Each of my ten blogs over the eighty days will echo the themes discussed in Reply’s ten-part webinar series,
Cloud in Financial Services, in which we’ll highlight some of the key points offered by our presenters and panel members.
In the third webinar, we benefited from an extraordinary panel of experts who shared their ideas on the ‘architectural’ considerations of Cloud adoption and we discussed the blueprint that ensures that the Cloud solution reliably meets your business requirements. If you haven’t yet read the third write up, you can do so
Moving from on-premise solutions to the Cloud means more than just lifting and shifting data and systems. That’s why, in this blog relating to the fourth leg of the journey, we’ll cover the operating model and governance issues that financial institutions must consider at the board and C-suite level.
My esteemed panel of speakers this week include Julien Recan, Associate Partner with
Alpha Reply; Marco Noli, Partner with
Storm Reply; Vasu Gupta, Head of Cloud Consulting - FSI UKI at Google; Daniele Tonella, Group CIO UniCredit; and Alan Clacher, Senior Cloud Advisor for Reply in the UK.

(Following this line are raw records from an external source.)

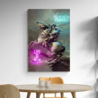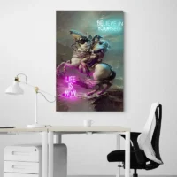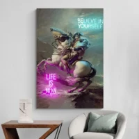 Accrochez cette toile au-dessus d'un meuble sombre pour renforcer le contraste, ou sur un mur clair pour laisser respirer les couleurs. Associez-la à des cadres sobres et des textures mates pour calmer l'ensemble. Découvrez aussi nos sélections de tableaux modernes et de tableaux pop art pour compléter la déco.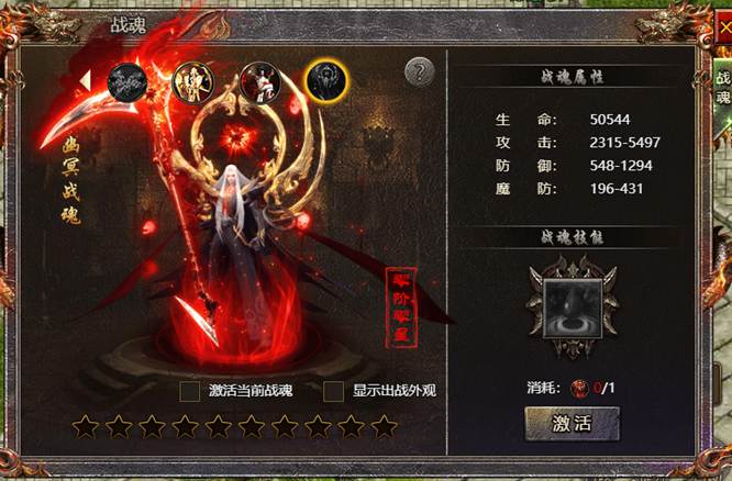 激活战魂可获得大量属性以及强力buff:受到攻击时,有概率为主角施加5层“幽冥血”,单次受到伤害超过最大生命值10%时,消耗1层效果并使本次伤害减半,激活后永久生效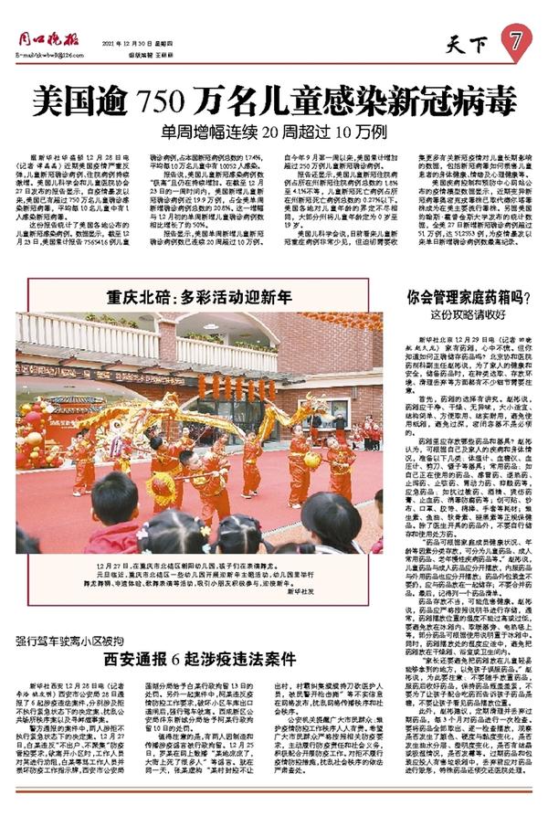 这份报告统计了美国各地公布的儿童新冠感染病例。数据显示,截至12月23日,美国累计报告7565416例儿童确诊病例,占本国新冠病例总数的17.4%,平均每10万名儿童中有10052人感染。

I have summarised the expertise that they so generously shared with us here in this short blog. Vasu Gupta kicked us off with his experience of driving Cloud adoption Journeys as head of Cloud Consulting FSI UKI at Google.
There is no one way of adopting the Cloud. As with most complex technology, one must take one’s firm’s specific situation into account. Of extreme importance is the impact that Cloud adoption can have on your business model from a customer, regulatory, and product perspective.

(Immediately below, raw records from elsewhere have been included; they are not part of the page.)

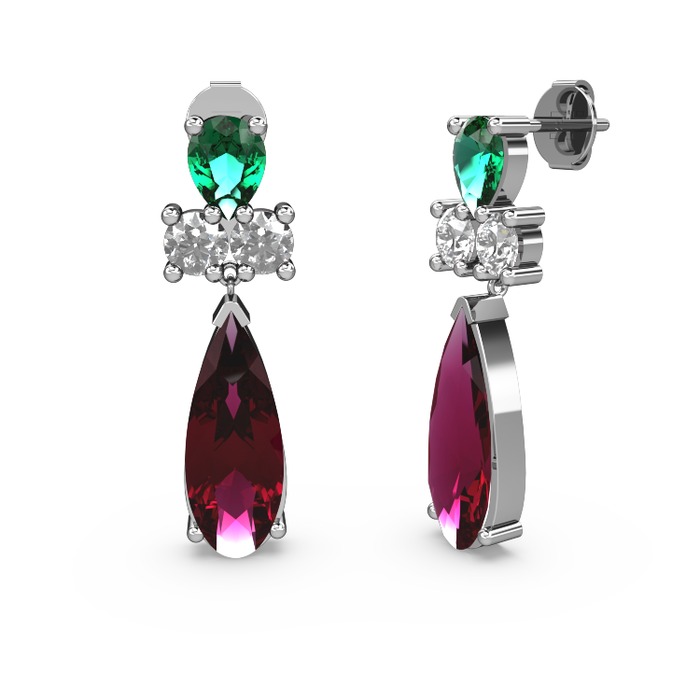Rodolit garnet, yeşil kuvars ve beyaz zirkon 18 ayar beyaz altın küpe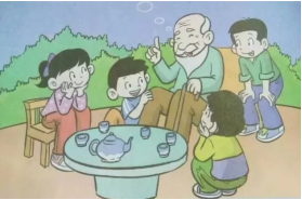 一个夏天的晚上,小朋友们和王大爷在院子里乘凉。他们有的用手托着下巴,有的半蹲着,还有的搂住了爷爷的腿,大家睁大了眼睛,认真地听着爷爷讲故事。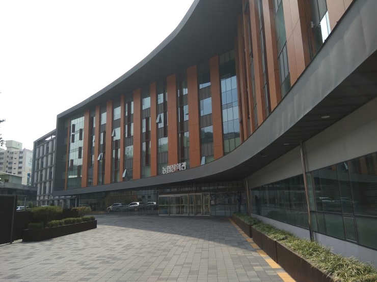 농협장학관의 외부모습입니다. 매우 세련되어 보이는 건물 모습이네요!!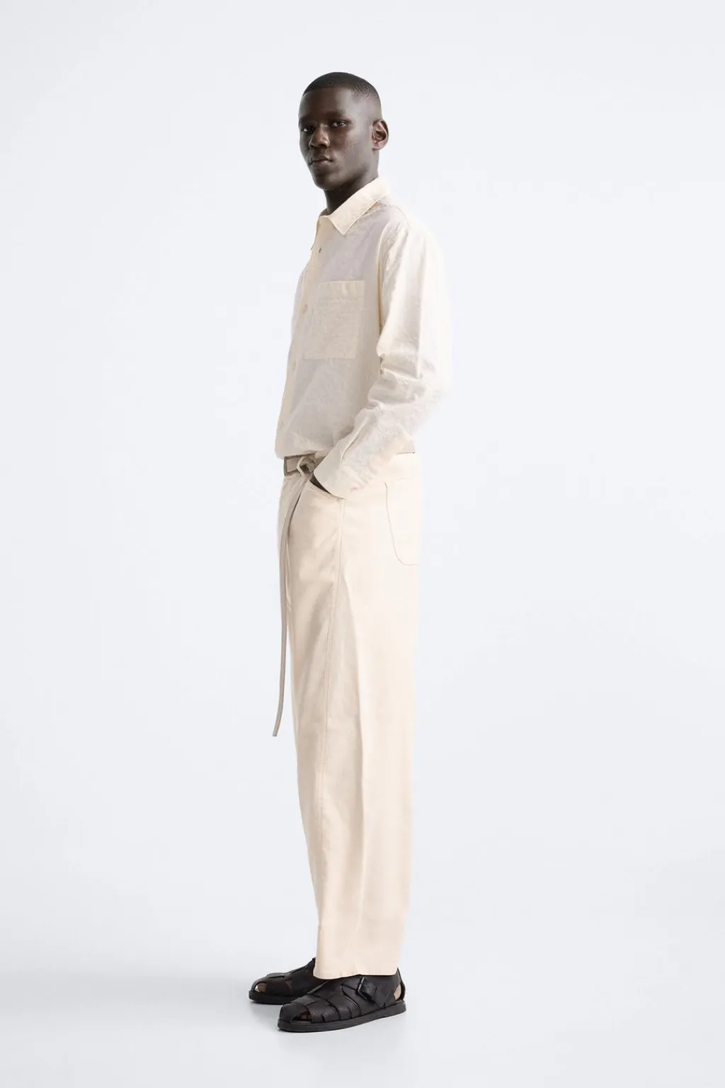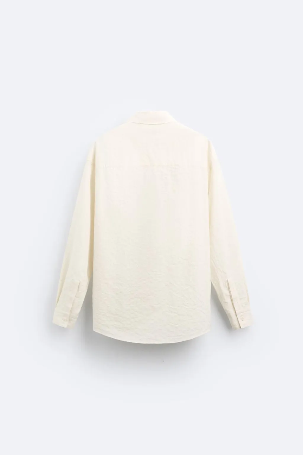 Camisa relaxed fit confeccionada en tejido de algodón con elasticidad. Cuello solapa y manga larga acaba en puño con botón. Bolsillo plastrón en pecho. Efecto arrugado. Cierre frontal de botonadura.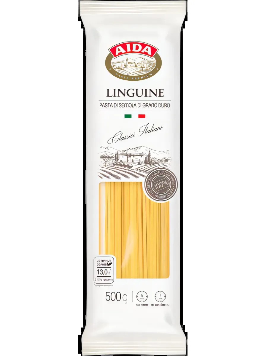 AIDA Pasta Noodles Group A Premium Grade, 500g. AIDA Pasta Noodles Group A Premium Grade – this special type of narrow flat pasta is described by three parameters: length 250mm, width 3.5mm, thickness 0.8mm. The product is made from selected durum wheat flour with optimal gluten content.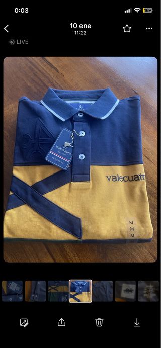 Polo de manga larga de la marca Valecuatro. Presenta un diseño bicolor en azul marino y amarillo. - Cuello tipo polo con botones. - Logo de la marca bordado en la parte frontal. - Detalle de franjas en contraste. - Etiqueta original incluida.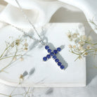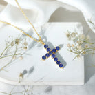 Simple Created Blue Sapphire Cross Pendant Necklace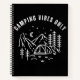 This design features a tent, mountains, trees, a starlit sky with a half moon and the quote, "Camping vibes only."

With the Cloud, you can drive processes and insights very efficiently. Cloud-enabled AI and machine learning let you explore and exploit large quantities of data for better insights and this gives you an uncommon power to make data-driven decisions.
With such power, the board and C-suite must ask themselves a number of questions:
Next comes the impact of Cloud adoption on the business model. You can now make faster decisions with better insights. But what do you do with those insights? Where do you invest? Which new projects do you begin? Which new markets do you enter?

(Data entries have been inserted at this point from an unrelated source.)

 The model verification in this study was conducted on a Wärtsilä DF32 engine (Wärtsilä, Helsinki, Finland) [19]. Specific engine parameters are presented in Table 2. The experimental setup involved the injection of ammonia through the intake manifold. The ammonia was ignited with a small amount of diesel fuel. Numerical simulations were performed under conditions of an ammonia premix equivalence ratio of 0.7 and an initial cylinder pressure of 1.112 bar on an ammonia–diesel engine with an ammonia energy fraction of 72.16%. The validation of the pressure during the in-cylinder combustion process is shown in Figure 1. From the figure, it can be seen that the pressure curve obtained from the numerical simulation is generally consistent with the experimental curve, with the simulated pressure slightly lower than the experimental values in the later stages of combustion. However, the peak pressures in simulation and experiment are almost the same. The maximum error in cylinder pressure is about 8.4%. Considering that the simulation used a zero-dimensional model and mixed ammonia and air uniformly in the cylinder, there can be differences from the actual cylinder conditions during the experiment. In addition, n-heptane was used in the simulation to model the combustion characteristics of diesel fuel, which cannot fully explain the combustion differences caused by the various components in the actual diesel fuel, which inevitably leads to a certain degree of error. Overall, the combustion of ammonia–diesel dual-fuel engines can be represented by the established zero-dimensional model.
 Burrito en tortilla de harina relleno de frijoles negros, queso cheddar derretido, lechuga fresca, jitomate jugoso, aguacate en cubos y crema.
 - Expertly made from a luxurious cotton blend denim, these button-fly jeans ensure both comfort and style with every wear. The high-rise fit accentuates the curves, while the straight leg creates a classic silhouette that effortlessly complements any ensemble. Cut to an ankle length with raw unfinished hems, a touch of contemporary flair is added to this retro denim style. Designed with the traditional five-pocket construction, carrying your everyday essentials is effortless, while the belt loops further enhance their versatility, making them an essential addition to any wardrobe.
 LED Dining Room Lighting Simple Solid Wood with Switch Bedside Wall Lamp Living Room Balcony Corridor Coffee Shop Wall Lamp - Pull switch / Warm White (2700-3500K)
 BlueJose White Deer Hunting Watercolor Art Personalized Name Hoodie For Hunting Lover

Following Vasu Gupta, we heard from Marco Noli in conversation with Daniele Tonella who shared wisdom from his experience as CIO of UniCredit.
Daniele started with the prediction that
“Cloud will do to IT what Lean Methodology did to manufacturing.”
Once you have the right system in place, you need to define your ambitions: What do you want to achieve with Cloud? Depending on the level of your ambition, the depth of the transition may be different and that will impact your governance.
The nature and risk of Cloud is the atomisation of IT. If you don’t control your Cloud consumption, very rapidly you’ll get Cloud everywhere in the sense of your data being on platforms without you knowing and with no idea over who has access to what, where, how, and why. That’s a nightmare scenario.
We then heard from Julien Recan, now an Associate Partner with Alpha Reply, formally of Natwest Markets and Revolut, about organisational setup and the changing role of the project manager.
Organisational setup is fundamental. Financial institutions tend to be set up with multiple layers within different departments, each with their own business, change, and tech functions. That pushes the product owner further away from the raw material which, in this case, is the Cloud. We need to turn project managers into empowered product managers as it encourages long-term ownership of a problem.
To redirect these people towards product management, we need to find the right people and offer the right incentives within the organisational setup. A product manager needs to retain all of the accountability for the product. Otherwise, accountability gets diluted and you’re likely to face what you might call in other circles the ‘tragedy of the commons’.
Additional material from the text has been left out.